ACTIVITY: Retype, word for word, every line of the records below starting at the one that contains "David Rosales Tuxedo" and ending at the one that contains "Chemisier Femme Sexy"; include both of those lines and nothing more.

[Dataset records]
□ □ □ □ □
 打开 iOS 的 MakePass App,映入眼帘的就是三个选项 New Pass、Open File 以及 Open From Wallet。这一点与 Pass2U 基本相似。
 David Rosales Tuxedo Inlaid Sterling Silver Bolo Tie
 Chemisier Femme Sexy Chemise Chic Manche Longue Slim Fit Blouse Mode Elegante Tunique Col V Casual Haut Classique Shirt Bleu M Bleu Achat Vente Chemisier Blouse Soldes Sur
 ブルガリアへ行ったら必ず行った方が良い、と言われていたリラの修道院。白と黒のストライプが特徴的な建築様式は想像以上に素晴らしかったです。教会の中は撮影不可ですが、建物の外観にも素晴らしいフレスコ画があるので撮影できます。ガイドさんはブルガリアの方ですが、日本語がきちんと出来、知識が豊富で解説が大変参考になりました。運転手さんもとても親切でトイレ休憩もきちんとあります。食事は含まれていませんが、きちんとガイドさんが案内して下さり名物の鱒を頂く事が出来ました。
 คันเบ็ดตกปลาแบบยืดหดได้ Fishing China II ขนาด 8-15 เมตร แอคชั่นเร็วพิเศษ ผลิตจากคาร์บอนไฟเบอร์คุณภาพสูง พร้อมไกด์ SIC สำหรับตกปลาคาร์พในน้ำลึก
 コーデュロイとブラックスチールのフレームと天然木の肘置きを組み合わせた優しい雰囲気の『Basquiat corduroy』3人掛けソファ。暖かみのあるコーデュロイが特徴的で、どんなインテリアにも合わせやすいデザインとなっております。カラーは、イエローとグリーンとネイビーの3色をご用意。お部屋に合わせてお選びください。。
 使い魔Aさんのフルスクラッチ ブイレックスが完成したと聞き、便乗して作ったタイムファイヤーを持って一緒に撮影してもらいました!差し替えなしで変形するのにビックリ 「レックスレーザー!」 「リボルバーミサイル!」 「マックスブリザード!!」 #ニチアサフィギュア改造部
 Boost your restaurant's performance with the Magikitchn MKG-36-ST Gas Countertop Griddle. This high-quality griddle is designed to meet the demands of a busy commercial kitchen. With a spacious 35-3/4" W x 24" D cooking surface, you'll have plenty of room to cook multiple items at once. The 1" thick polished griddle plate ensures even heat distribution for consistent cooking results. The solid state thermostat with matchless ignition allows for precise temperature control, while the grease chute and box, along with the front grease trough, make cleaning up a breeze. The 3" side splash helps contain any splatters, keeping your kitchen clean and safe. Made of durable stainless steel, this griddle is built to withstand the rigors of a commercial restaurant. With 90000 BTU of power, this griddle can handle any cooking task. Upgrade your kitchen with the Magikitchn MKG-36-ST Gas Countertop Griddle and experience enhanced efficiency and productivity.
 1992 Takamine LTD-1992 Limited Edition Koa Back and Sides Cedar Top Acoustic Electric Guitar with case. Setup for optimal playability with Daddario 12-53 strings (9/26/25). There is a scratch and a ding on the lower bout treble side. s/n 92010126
□ □ □ □ □
RESULT FOR THIS TASK:
 David Rosales Tuxedo Inlaid Sterling Silver Bolo Tie
 Chemisier Femme Sexy Chemise Chic Manche Longue Slim Fit Blouse Mode Elegante Tunique Col V Casual Haut Classique Shirt Bleu M Bleu Achat Vente Chemisier Blouse Soldes Sur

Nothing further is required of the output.